Regarding the feasibility of the proposed 3D patch-based texture feature analysis in real-world clinical applications, translating this framework into real clinical settings requires consideration of multiple aspects: (1) Computational efficiency: the algorithm has been implemented in MATLAB R2022b and can process common medical image formats (such as DICOM). Computing all features for a typical 3D MRI tumor volume takes approximately 1-2 min (on a workstation with Intel Core i7 processor, 32 GB RAM), which is acceptable for non-real-time clinical decision support; (2) Workflow integration: the method can be integrated into existing radiology workflows as an automated post-processing step. Following radiologists’ tumor segmentation, the system extracts features and generates prediction results as supplements for radiology reports; (3) User interface: A user-friendly interface needs to be further developed to enable clinicians to visualize prediction results via reliability estimates and explore key predictive features through interactive displays; (4) Clinical validation pathway: Before widespread clinical application, the method needs to undergo the following validation steps: (a) multi-center retrospective studies to validate performance across imaging devices and protocols; (b) prospective observational studies to evaluate performance in real clinical environments; (c) randomized controlled trials to assess the impact on patient outcomes when the method is incorporated into clinical decision processes; (5) Cost-effectiveness analysis: the method may reduce medical costs by decreasing unnecessary invasive procedures (e.g., biopsies) and optimizing treatment choices. Future studies should include detailed cost-effectiveness analyses to support clinical adoption decisions; (6) Regulatory considerations: As a medical decision support tool, the method needs to comply with relevant regulatory requirements (e.g., U.S. Food and Drug Administration (FDA) or Conformité Européenne (CE) certification). Our development process has followed principles of reproducibility and transparency, which will help meet these regulatory requirements. In conclusion, while translating our method into routine clinical practice requires further validation and development work, its technical feasibility, workflow compatibility, and potential to improve patient care make it a promising clinical decision-support tool.

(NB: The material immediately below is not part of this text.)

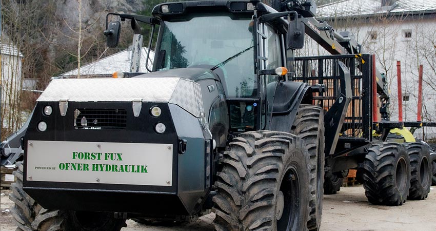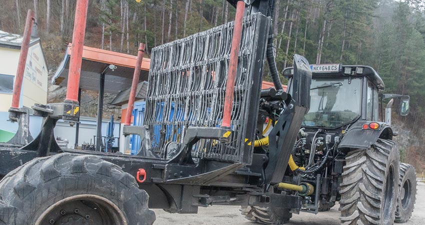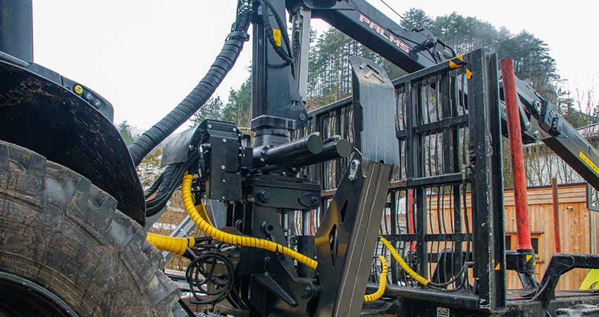 Aufbau eines Palms-Forstkrans inkl. Einbau eines Tilts. Gesteuert über die neueste Generation der EHC Parker LC 6. Steuerung über einen Mini-Joystick inkl. Display. Zusätzlich haben wir in das Frontgewicht einen Tank mit 350 Liter Hydrauliköl, den Ölkühler sowie eine 112 Liter Verstellregelkolbenpumpe SVH 112 gepackt.

Although the proposed study yielded reasonable results, it has certain limitations. First, a key limitation of this study lies in the absence of biological validation for the patch-based texture features, primarily due to the unavailability of histopathological and genomic correlation data at this stage. Future studies could address this gap by integrating relevant datasets to enhance the reliability of these features. In addition, the sample size for our datasets was not very large, it is essential to acquire additional patients and medical imaging modalities in a broader range of cancers to comprehensively validate the efficacy of the proposed method. Owing to variations in imaging device models and inconsistencies in imaging protocols, future studies should conduct a thorough evaluation of the robustness of the proposed novel features in multi-center settings.

In conclusion, we proposed 3D patch-based texture features and developed a radiomics analysis framework for predicting the histological subtypes of cervical cancer patients and axillary lymph node metastasis of breast cancer patients. Experimental results demonstrated that the proposed texture features outperformed conventional texture features in terms of AUC, ACC, SEN, and SPE across three MRI modalities in the two different clinical tasks. Furthermore, this study offers valuable insights into clinical decision-making. However, certain limitations remain, such as the need to collect additional data to further validate the robustness and generalization ability of the proposed method.